Sacred history includes all of God’s work in the world concerning the coming of Christ, his work of redemption on the cross, his resurrection and his imminent return. The events of sacred history are the only historical happenings which bear ultimate meaning, and the reason for this is that these events are the only ones which come to us with authoritative interpretation of their significance through God’s self-revelation in Scripture. We can know why they happen and what purpose God is working toward in them because God has told us so.

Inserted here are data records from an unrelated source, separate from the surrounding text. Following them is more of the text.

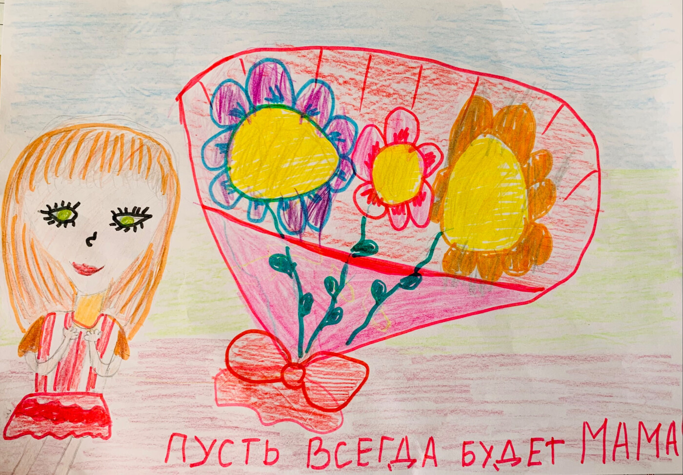 Марина нарисовала маму в ее день рождения, она изобразила маму, которая восхищалась ее букетом цветов.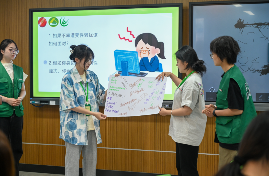 最后,由福建幼兒師范高等專科學(xué)校的青春健康主持人開展以“預(yù)防性騷擾知識科普”為主題的活動分享,通過角色扮演的方式營造相對輕松安全的氛圍,緩解參與者面對性騷擾話題的羞恥、尷尬心理,也清晰界定了性騷擾的形式,隨后通過小組討論的形式告訴參與者遇到性騷擾應(yīng)保持冷靜,明確表達(dá)拒絕,留存證據(jù),尋求他人幫助。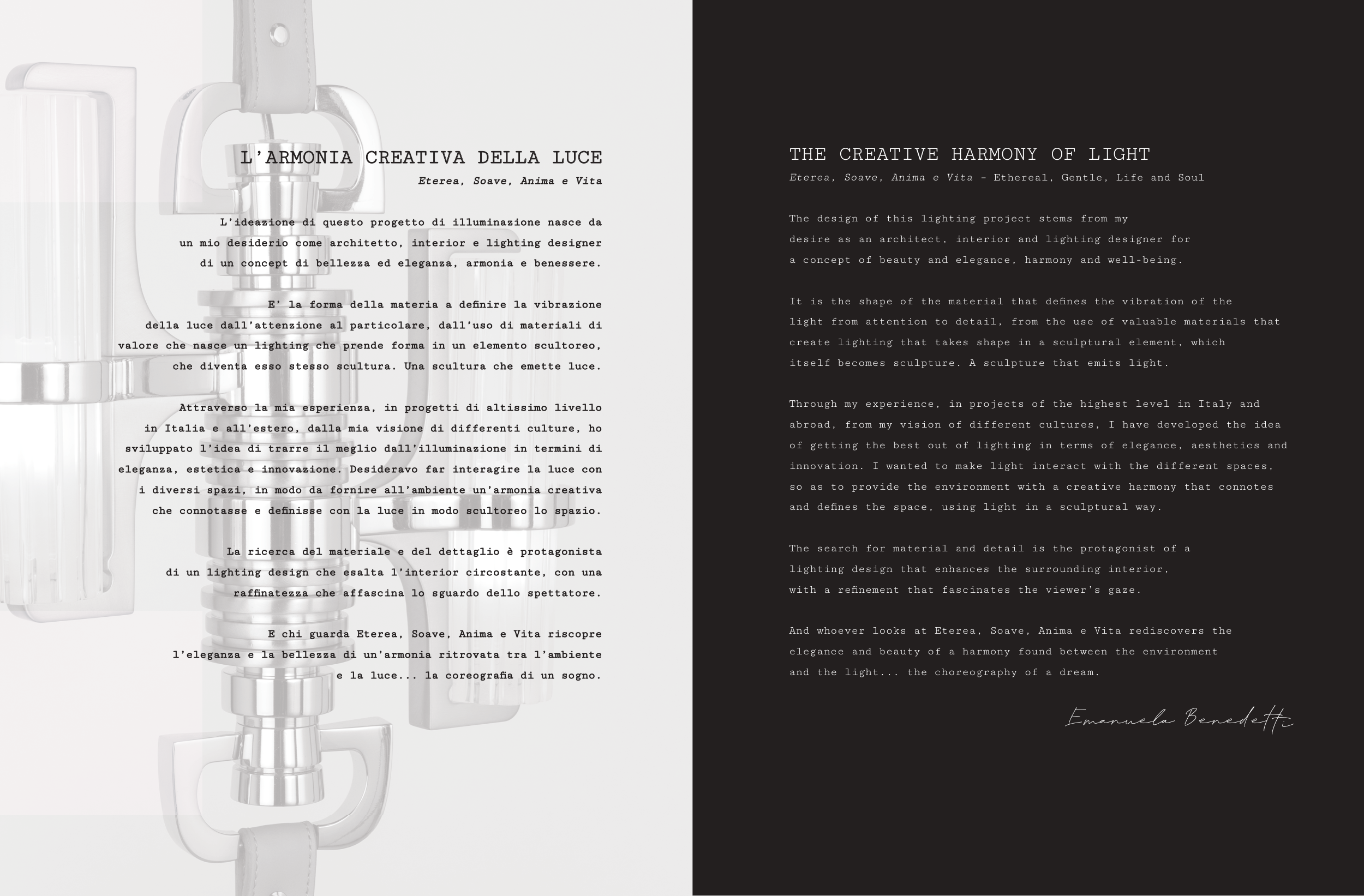 eleganza, estetica e innovazione. Desideravo far interagire la luce con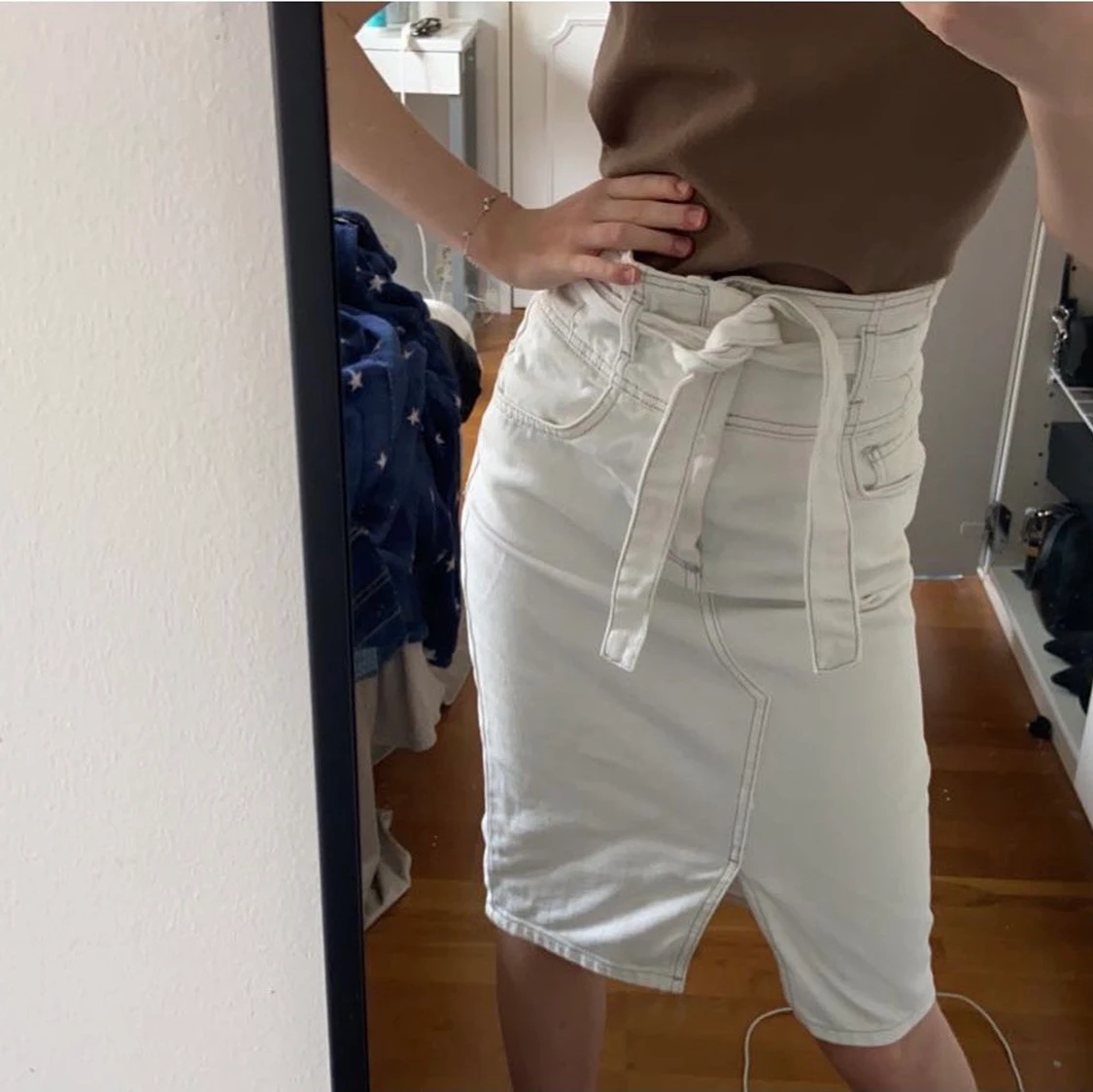 Vit jeans kjol med skärp. 140kr med frakt inkluderad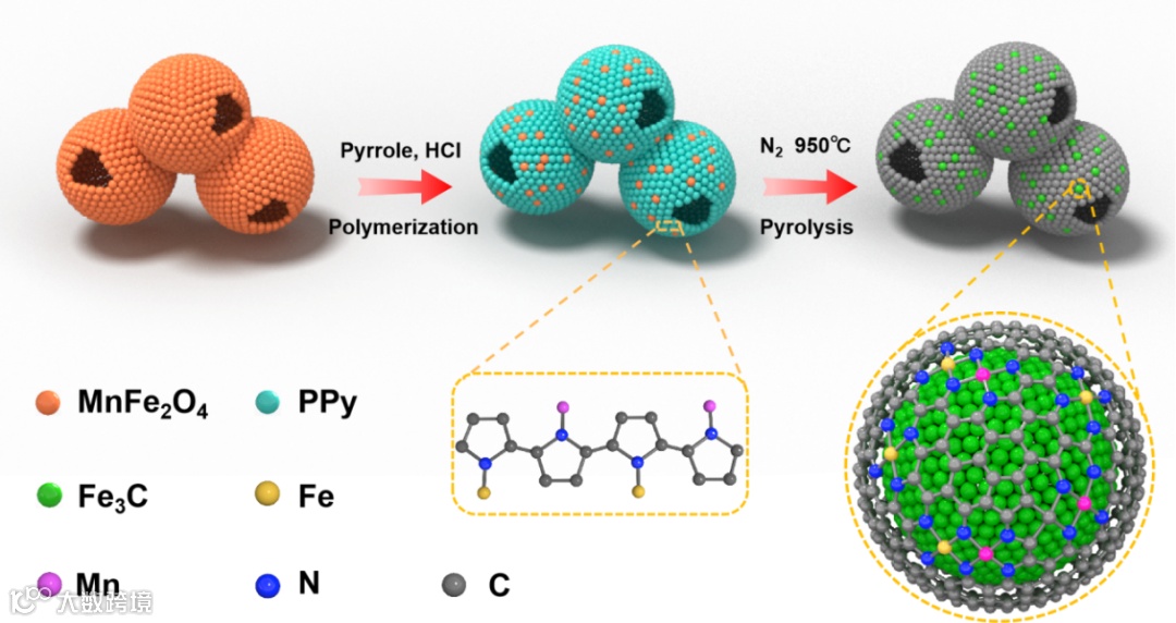 以 MnFe2O4 双金属氧化物为模板,通过吡咯的部分原位聚合,合成了具有异核双金属单原子 FeMn-N6 位点的壳层耦合 Fe3C 纳米粒子核的催化剂。表征结果进一步证明,催化剂中的Fe3C颗粒表面存在约3-5nm厚的碳包覆壳层,且壳层中含有大量FeMn-N6 异核双单原子位点。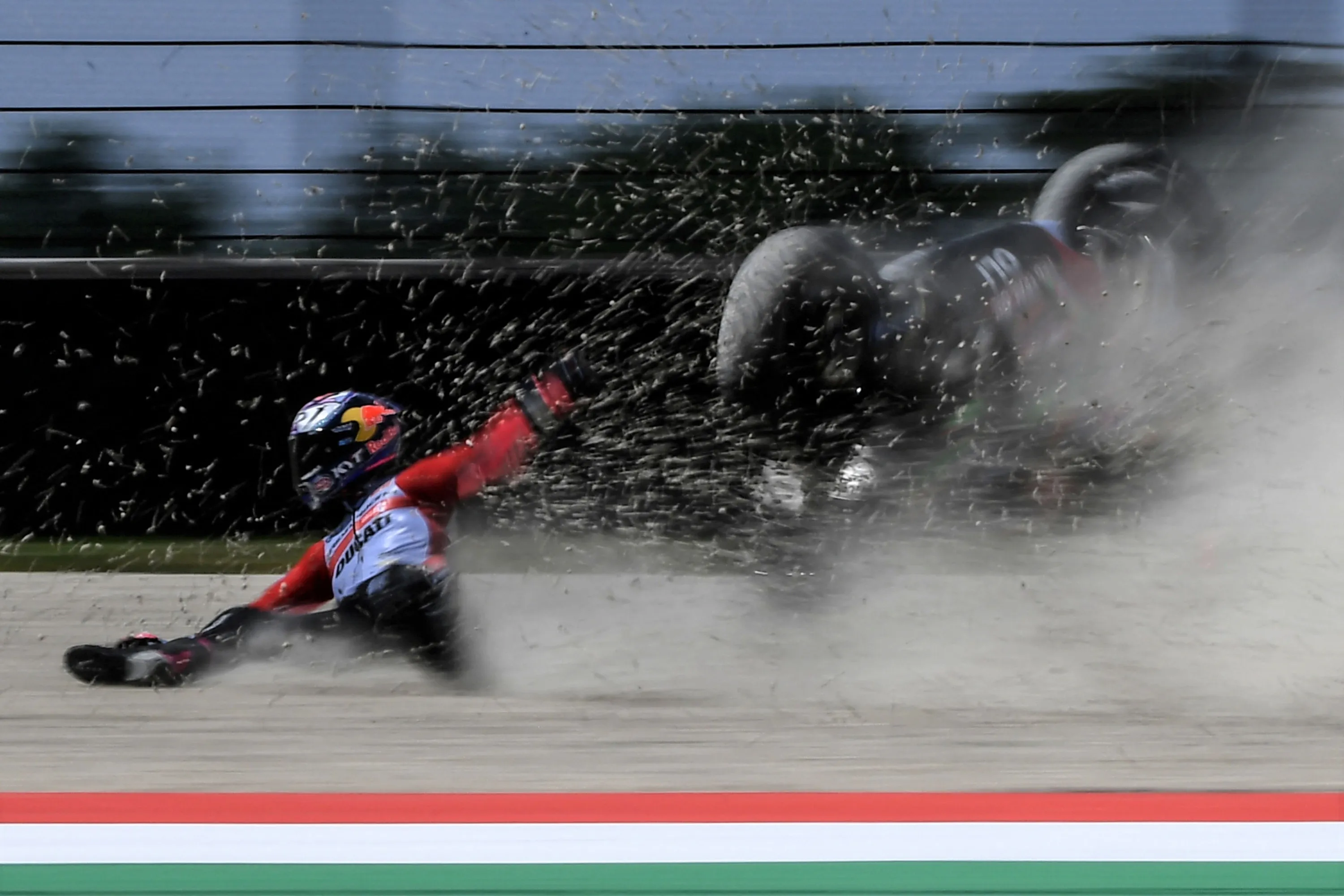 Gresini Racing Ducati's Italian rider Enea Bastianini falls during free practice 3 ahead the Italian Moto GP Grand Prix at the Mugello race track, Tuscany, on May 28, 2022. (Photo by Filippo Monteforte/AFP Photo)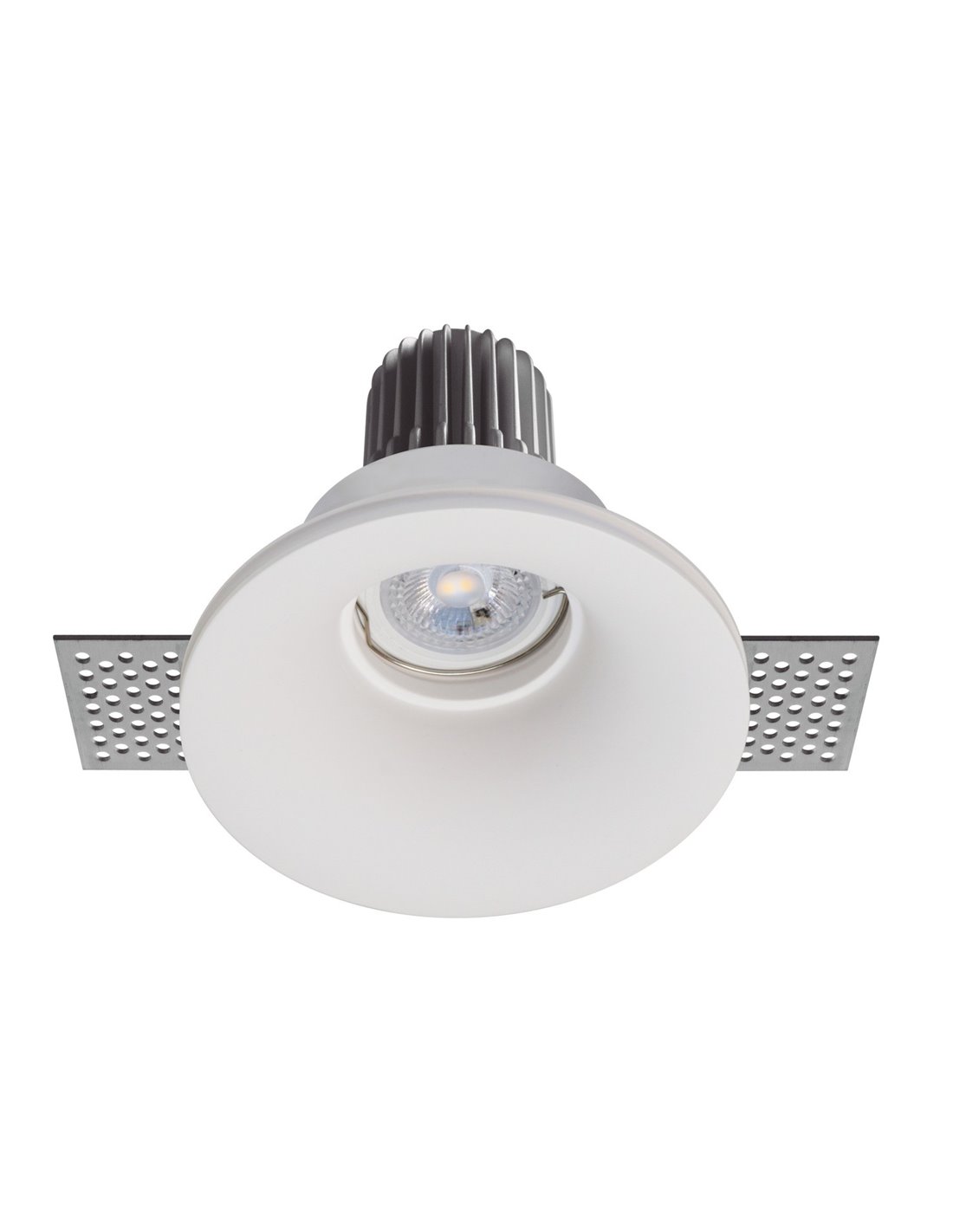 This downlight has a simple design, which allows it to be easily integrated into the ceiling. Its body is made of white plaster, which can be painted in the same colour as the ceiling for a perfect match. The format is circular and in it the light is the only protagonist, making it a suitable element for the minimalist style.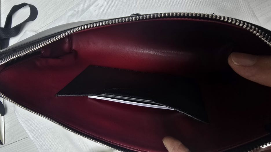 일반적인 클러치 타입보다는 가벼운 파우치 형태로 보이지만 사이즈가 응근 작지 않습니다.

Secular history includes everything else, all occurrences of ordinary human life. Secular history only has significance in reference to sacred history, and this characteristic impels us to ask, “What time is it, in relation to sacred history?” We now live in the in-between time after Christ’s resurrection and ascension, and before his second coming. Because there are no defining markers of sacred history to give meaning to the present age, and because it is one which Scripture makes clear the city of God and the earthly city will exist co-mixed until Christ’s return, ours is an age marked by radical ambiguity. We cannot point to specific events or to political arrangements and pronounce an authoritative explanation of their meaning and purposefulness in God’s plan.
Church and state in the saeculum
How then is the church to understand its relation to political orders in the present saeculum, an ambiguous age between the Christ events? As Markus argues, for Augustine the church is not to see itself as synonymous with the state and its authority to wield coercive power, which for now rests in the domain of the earthly city, nor is the church to see itself as unrelated to it. Rather, the church is to see itself as uniquely concerned with the cultivation of the spiritual lives of the citizens of the city of God.
Likewise, the state ought not to see itself as serving at the behest of the church or inaugurating Christ’s earthly end-times kingdom in the same way as the church. Instead, the state’s purpose in God’s plan is to preserve social order for all, citizens of the heavenly and earthly city alike. Therefore, while its grounding is religious, as any sense of justice must appeal to God and the proper worship of him, its operation cannot be to further any one religion, and thus recreate the earthly city prematurely into the heavenly one by force.
Augustine’s career as a church leader may throw doubt on the degree to which he held to this understanding, such as when he drew on state power to put down disruptive elements of the Donatist church faction. Markus argues, however, that his actions operate with some form of internal coherence in which he saw Christian individuals, rather than the offices of the state they held, as leveraging their influence to direct actions which would be seen as a blurring between matters of church and state.
Regardless, the imperative in Augustine’s thought is clear: in this time between the times church and state should remain clearly apart in their authority and social responsibilities. However, because Christians are to fill the offices of the state in order to uphold justice and enact laws for the common good, religion and politics must always be intermixed and mutually influencing. The state’s job is to ensure there is freedom to do so, while the church’s job is to fill society with the type of Christians who give guidance on the proper use of such freedom.